A pesar de los obstáculos, su prodigiosa capacidad de trabajo y su hábito de dormir solo cuatro o cinco horas hicieron posible el asombroso progreso en sus investigaciones. Después de la fundación canónica del Oratorio (15 de julio de 1575) residió en Santa María en Vallicella, hogar definitivo de la nueva congregación, y siguió llevando la misma vida ocupada.

A principio de los ochenta habían madurado los planes para la publicación de la nueva historia de la iglesia, y en 1584, un cuarto de siglo después de comenzar su preparación, Baronio tenía la obra bastante adelantada, cuando su paciencia sufrió una nueva prueba. El Papa Gregorio XIII le confió la revisión del Martirologio Romano.

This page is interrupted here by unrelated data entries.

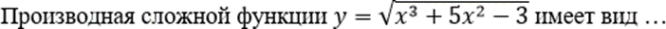 Производная сложной функции y=(x^3 +5*x^2 -3)^1/2 имеет вид ...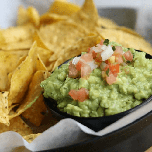 Flour tortilla filled with cheese and spinach and chicken. Served with guacamole salad and choice of rice or beans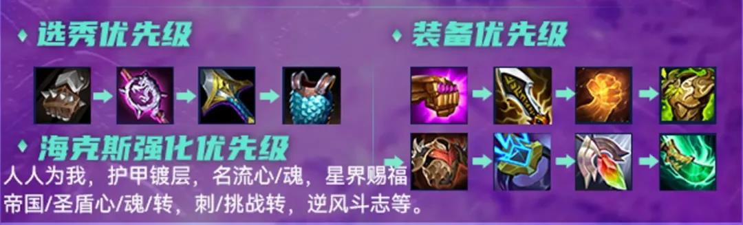 这套阵容算是比较吃海克斯强化的,特别是羁绊类强化,名流心/魂、人人为我、帝国/圣盾心/魂/转,刺/挑战转最优,人人为我、护甲镀层、星界赐福、逆风斗志等也均可选择。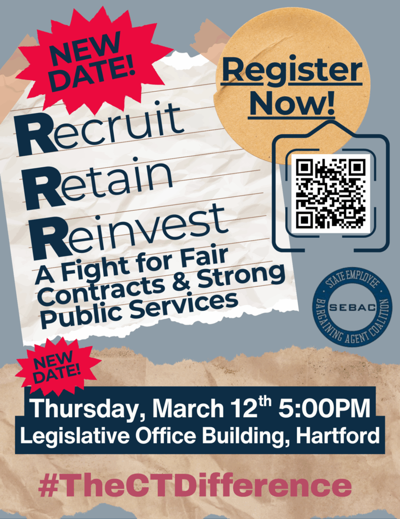 The event is being organized by the State Employees Bargaining Agent Coalition (SEBAC), which includes AFT Connecticut and 11 of our affiliated unions and chapters.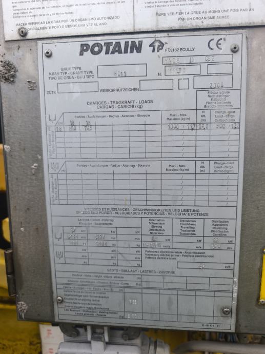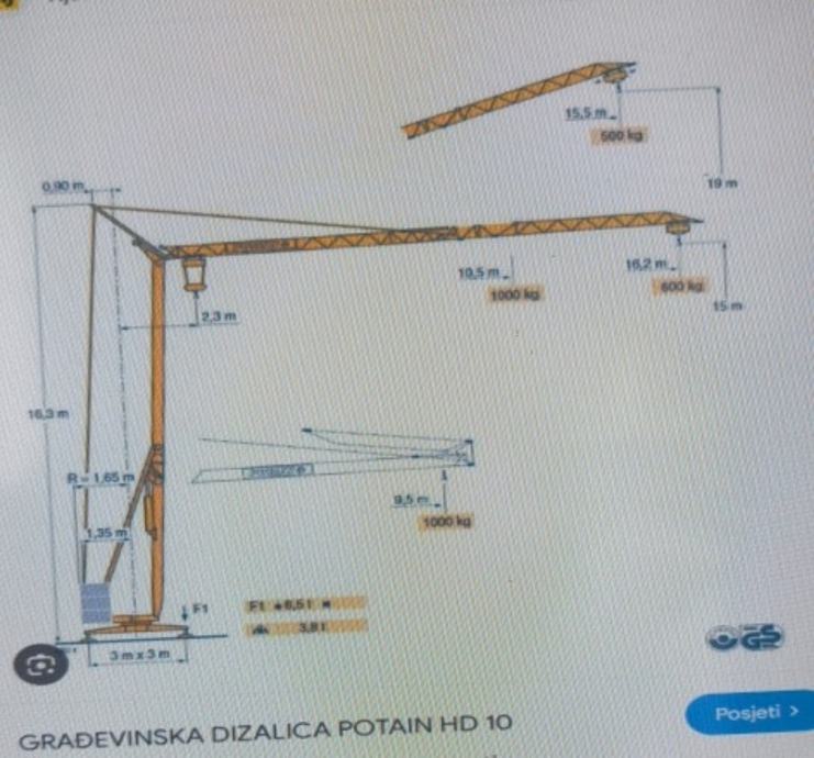 Građevinski kran POTAIN HD 10, sa daljinskim i kablovskim upravljačem. U rabljenom stanju, tehnički pregled urađen.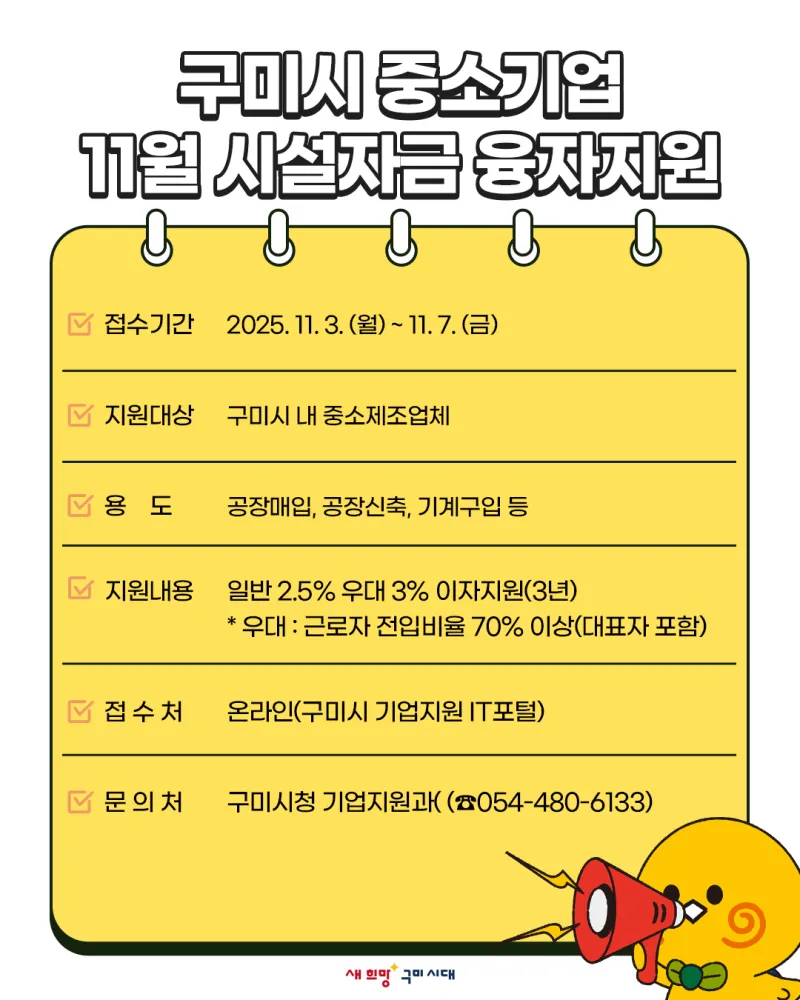 · 문 의 처 : 구미시청 기업지원과(☎054-480-6133)

Tres Papas sucesivos quisieron nombrarle obispo. En 1593 sucedió al anciano Felipe como Superior del Oratorio, y a la muerte de éste en 1596, fue reelecto para otros tres años. En 1595 era confesor del Papa Clemente VIII, el cual le nombró protonotario apostólico y el 5 de junio de 1596, le creó cardenal. Baronio lamentó amargamente su remoción del Oratorio para residir en el Vaticano, o incluso lejos de Roma cuando la corte papal salía de la ciudad, lo cual era doblemente penoso, pues no podía seguir trabajando en sus Anales. En 1597 Clemente le concedió el más alto tributo a su erudición al nombrarle bibliotecario del Vaticano. Este puesto, junto con el cargo de la recién fundada prensa vaticana y sus deberes en las Congregaciones, le dejaban aun menos tiempo para trabajar en sus Anales.

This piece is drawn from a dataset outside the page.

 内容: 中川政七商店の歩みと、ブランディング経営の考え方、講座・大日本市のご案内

En la primavera de 1607 Baronio regresó al Oratorio pues una visión le había advertido que su año 69 sería el último de su vida y había llegado al último volumen previsto de sus Anales. Fue trasladado a Frescati muy enfermo, pero viendo llegar el final, volvió a Roma, donde murió el 30 de junio de 1607. Su tumba se colocó a la izquierda del altar mayor de la iglesia de Santa María en Vallicella (Chiesa Nuova).

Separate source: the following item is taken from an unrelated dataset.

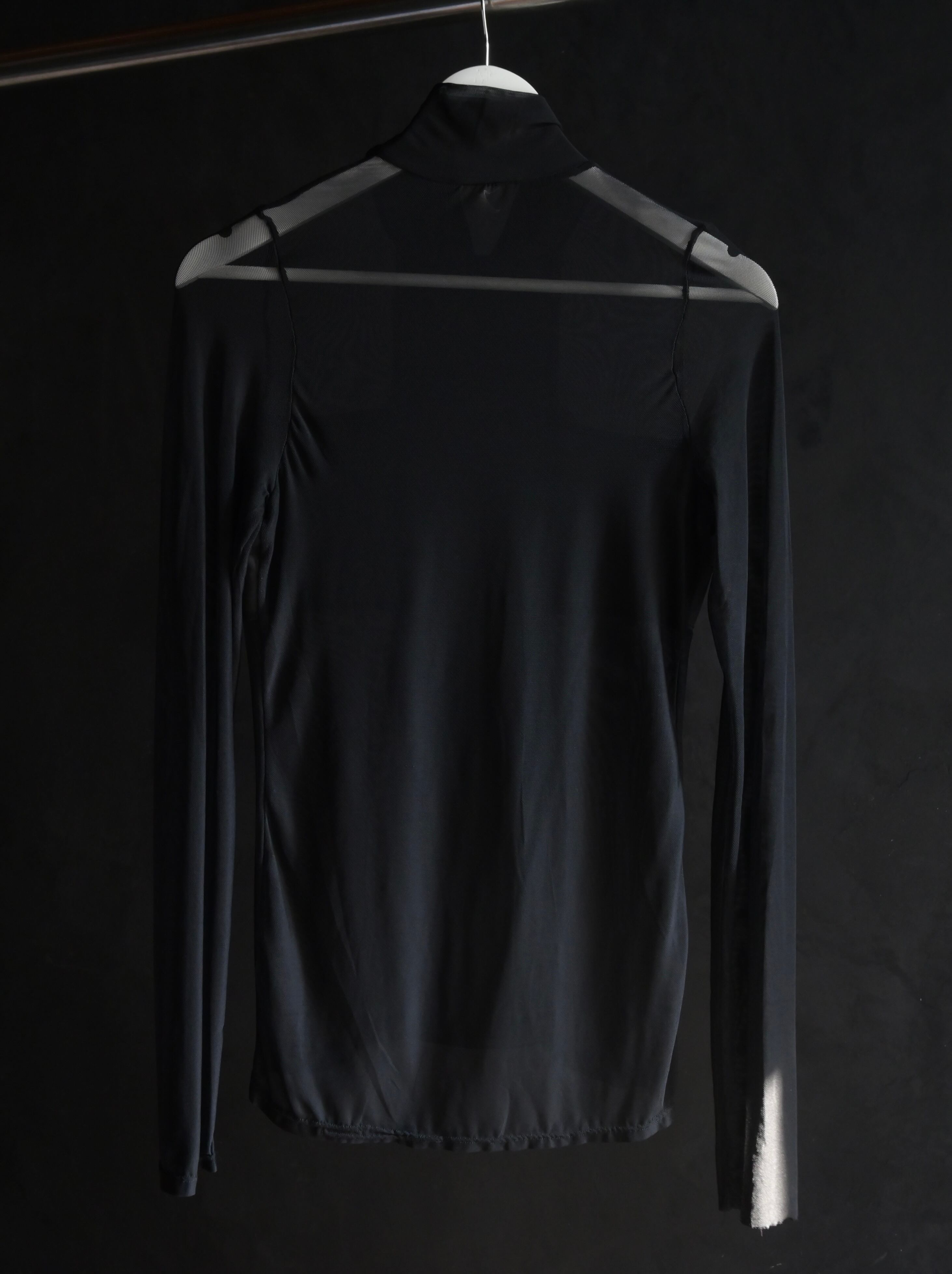 US 2000s〜 Black sheer +++patterned high neck long sleeve T-shirt

El cardenal Baronio dejó una reputación de profunda santidad que llevó al Papa Benedicto XIV a proclamarle “Venerable” (12 de enero de 1745). Las restauraciones que hizo en su iglesia titular de los santos Nereo y Aquileo y en San Gregorio en el Coelio aún nos da una idea de su celo por el culto decoroso. Pero los Anales constituyen el más conspicuo y permanente monumento de su genio y devoción a la Iglesia. Durante tres siglos han sido la inspiración de los estudiantes de historia y un depósito inagotable para la investigación. Ninguna otra obra ha tratado de forma tan completa la época que estudia. En ninguna parte se hallan reunidos tantos y tan importantes documentos. Los especialistas imparciales reconocen en ellos la piedra angular de la verdadera ciencia histórica y en su autor, las cualidades de un historiador modelo: diligencia infatigable en la investigación, pasión por la verificación, juicio preciso y lealtad constante a la verdad. Hasta en las agrias controversias que provocaron sus primeros volúmenes, la mayoría de los críticos eruditos reconocían su meticulosidad y honestidad. Pero esto no implica que la obra fuese impecable o final. Aunque era un maestro, Baronio era un pionero dotado con un espíritu crítico mucho más desarrollado, por decirlo de alguna manera, que el de sus contemporáneos, pero era tímido al ejercitarlo. Sin embargo estimuló un espíritu crítico que infaliblemente haría avanzar la ciencia histórica más allá del alcance logrado por él.